Description of the simulation
In this simulation, you can see fish, that form swarms and avoid obstacles and predators. Basically, prey and predators perform an random walk. But there are
several special individual events and behaviors, that lead to the observed group behavior:
Prey behavior
Every x steps, each prey fish updates a list of visible neighbors, which are all fish within a range given by the slider sensory-range. How often this update is performed is given by the slider called update-neighborhood-every.
It is only for speeding up the simulation, that the neighborhood gets sensed by each fish every time step.
After that, several random fishes are picked out from this sensed neighbored fishes. How much are picked is given by the slider accounted-fish.
Each of these picked fishes has some influence upon the focal fishes further moving direction. If the picked fish is too near, the fish works like a repellent
and the focal fish turns away. If the picked fish further away, the focal fish chooses a traveling direction parallel to those of the picked fish. If the picked fish is too far away, the focal fish turn toward the
picked fish, in order to decrease the distance.
The two sliders dist-repulsive and dist-parallel set the two borders between the three ranges of distances.
- If the distance < dist-repulsive, than the focal fish turns away
- if the distance is between dist-repulsive and dist-parallel, then the focal fish aligns to the picked fish
- if the distance > dist-parallel, then the focal fish turns towards the picked fish.
But the focal fish does not just pick one single fish from his neighborhood. How to deal with the information gathered from several picked (accounted) fishes ?

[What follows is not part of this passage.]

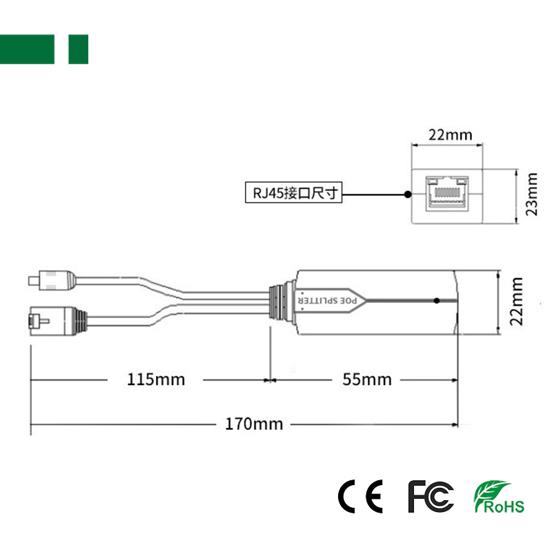 ● Ports: RJ45(PoE) + RJ45(LAN) + DC Male Plug Interface;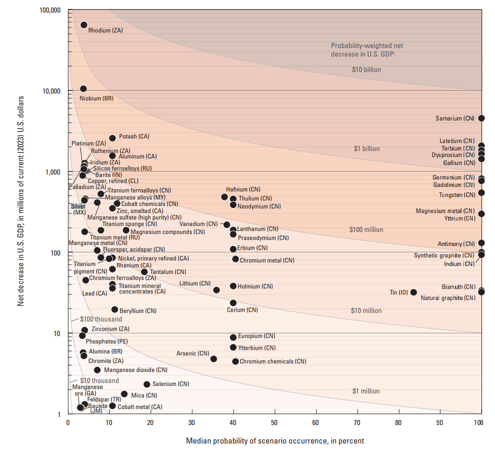 USGS Modeled more than 1,200 year long-trade-disruption scenarios across 84 mineral commodities and measured their probability-weighted impact on US GDP using detailed 2023 input-out tables. A mineral was recommended for inclusion if its expected, annualized GDP hit exceeded a set threshold (>$2 million) or if the US supply chain had a single point of failure domestically.

The solution is just building mean values. Each accounted fish results into a vector. The focal fish just averages all those vectors. When turning on the
slider latency, the vectors are not affecting the focal fish immediately. Again, we calculate weighted means with the current moving vector and the vectors suggested by the accounted neighboring fishes. The higher
the latency, the more weight is accounted to the current moving vector.
But the moving vector of all prey fish is not only influenced by other prey fish. Predator fishes work as extreme repellants, obstacles also work as
repellants.
The slider randomness provides additional random input to this decision.
Predators behavior
The predator fishes perform basically a random walk, but when prey fish come into their view, they turn towards them.
Experiments
- Check how the number of actors (prey, predators, obstacles) changes the collective behavior.
- Check whether the number of fishes taken into account for the flocking decisions plays an important role or not.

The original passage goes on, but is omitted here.